Caso contrário, aquela responsabilidade não teria recaído sobre seus ombros; estava decidido a cumprir a tarefa da melhor maneira possível.
Os planos nunca acompanham as mudanças. Mal havia nomeado Vassili como capitão dos batedores, já precisava promovê-lo a comandante. Felizmente, tratava-se de uma promoção e não deixaria má impressão.
Embora aquele local fosse originalmente uma pedreira, as pedras disponíveis estavam longe de bastar para erguer uma fortaleza, além de contarem com poucos trabalhadores.
Rolando, então, decidiu repetir o método anterior: construir uma fortificação temporária de madeira e, quando os escravos kobolds chegassem, ordenar a construção de muralhas de pedra.
Para ampliar o campo de ação, Rolando planejava erguer muralhas duplas, uma mais alta que a outra: a primeira, com apenas cinco metros, permitiria observar o momento do ataque inimigo e alvejar os que se escondessem na entrada do túnel.
A segunda, com oito metros, apoiaria a primeira no ataque aos orcs que avançassem além da entrada.
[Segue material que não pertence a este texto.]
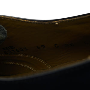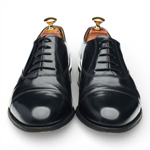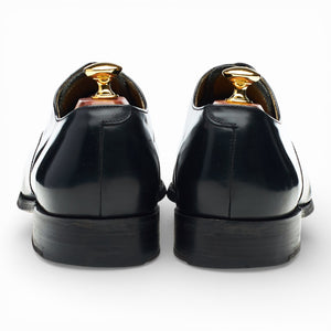 Barker manufactured for Russell & Bromley cap toe oxford in black polished calf. In excellent used condition, showing minor signs of wear and light creasing across the vamps.
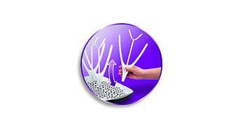 Flexibilní design pro uspořádané sušení. Pojme všechny výrobky, které každý den používáte pro krmení dítěte.

Além disso, ao elevar o nível da primeira muralha para cinco metros, facilitaria a retomada do controle caso fosse perdida.
Atrás da segunda muralha, haveria uma rampa para garantir o rápido apoio e recuperação da posição, além de permitir ataques à distância contra inimigos desprotegidos.
Quanto a uma terceira muralha, de altura ainda maior, o custo seria exorbitante. Por ora, não era algo a se considerar.
Rolando transmitiu todas essas instruções a Vassili, recomendando que, caso tivesse dúvidas, procurasse o governador Fawkes, cuja experiência em engenharia era notória.